→ **Exercise instructions**: Below are records with pictures. Transcribe exactly, and only, the lines from the line with "Set of 6 Pearl" to the line with "Im Rahmen der", both ends included, but not the pictures.

***** Excerpted data *****

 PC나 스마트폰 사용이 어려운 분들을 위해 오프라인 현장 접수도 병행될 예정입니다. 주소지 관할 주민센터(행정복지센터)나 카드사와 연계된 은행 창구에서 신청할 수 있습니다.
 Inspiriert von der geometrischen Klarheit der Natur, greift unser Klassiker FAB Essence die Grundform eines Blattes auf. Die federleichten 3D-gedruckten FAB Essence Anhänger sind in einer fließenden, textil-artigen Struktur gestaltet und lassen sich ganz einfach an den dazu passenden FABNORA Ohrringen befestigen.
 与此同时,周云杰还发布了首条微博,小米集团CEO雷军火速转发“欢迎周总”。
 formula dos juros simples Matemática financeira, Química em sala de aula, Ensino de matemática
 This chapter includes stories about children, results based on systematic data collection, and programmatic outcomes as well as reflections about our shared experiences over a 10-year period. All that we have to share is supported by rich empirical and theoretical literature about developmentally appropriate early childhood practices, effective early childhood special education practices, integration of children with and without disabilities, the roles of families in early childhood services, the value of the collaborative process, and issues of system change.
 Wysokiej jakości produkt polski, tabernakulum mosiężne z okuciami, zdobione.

*****
***** Excerpted data *****

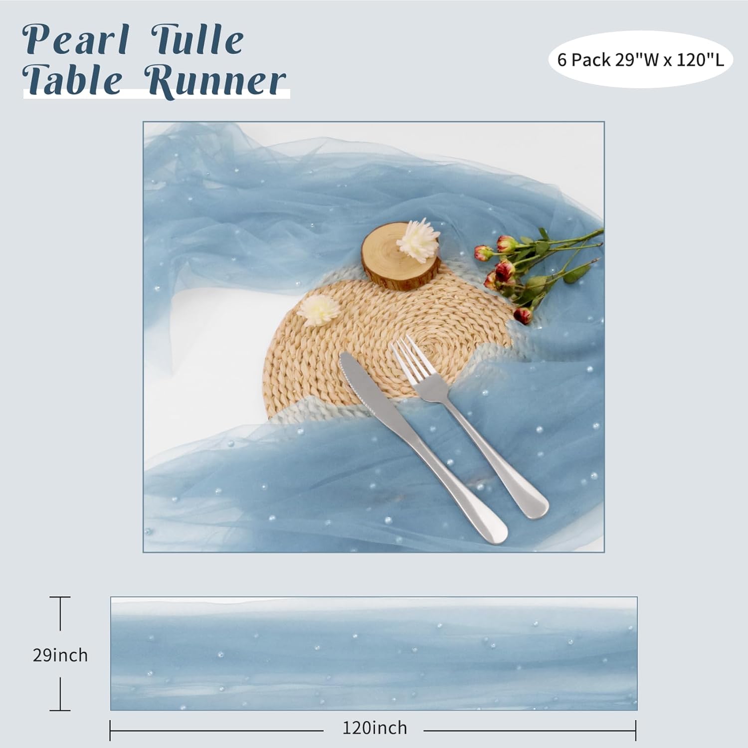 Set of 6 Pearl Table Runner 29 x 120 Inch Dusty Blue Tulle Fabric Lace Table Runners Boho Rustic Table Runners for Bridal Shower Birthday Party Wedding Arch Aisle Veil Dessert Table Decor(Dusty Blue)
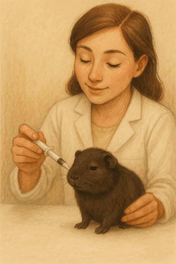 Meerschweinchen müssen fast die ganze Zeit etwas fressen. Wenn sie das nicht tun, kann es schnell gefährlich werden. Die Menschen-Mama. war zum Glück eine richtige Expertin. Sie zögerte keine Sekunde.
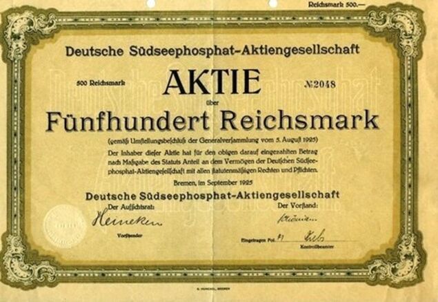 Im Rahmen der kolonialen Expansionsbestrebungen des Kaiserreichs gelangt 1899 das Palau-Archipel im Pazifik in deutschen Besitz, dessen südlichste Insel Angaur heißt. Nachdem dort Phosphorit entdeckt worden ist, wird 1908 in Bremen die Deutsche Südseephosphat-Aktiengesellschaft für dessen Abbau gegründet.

*****

→ **Response area**:
 Set of 6 Pearl Table Runner 29 x 120 Inch Dusty Blue Tulle Fabric Lace Table Runners Boho Rustic Table Runners for Bridal Shower Birthday Party Wedding Arch Aisle Veil Dessert Table Decor(Dusty Blue)
 Meerschweinchen müssen fast die ganze Zeit etwas fressen. Wenn sie das nicht tun, kann es schnell gefährlich werden. Die Menschen-Mama. war zum Glück eine richtige Expertin. Sie zögerte keine Sekunde.
 Im Rahmen der kolonialen Expansionsbestrebungen des Kaiserreichs gelangt 1899 das Palau-Archipel im Pazifik in deutschen Besitz, dessen südlichste Insel Angaur heißt. Nachdem dort Phosphorit entdeckt worden ist, wird 1908 in Bremen die Deutsche Südseephosphat-Aktiengesellschaft für dessen Abbau gegründet.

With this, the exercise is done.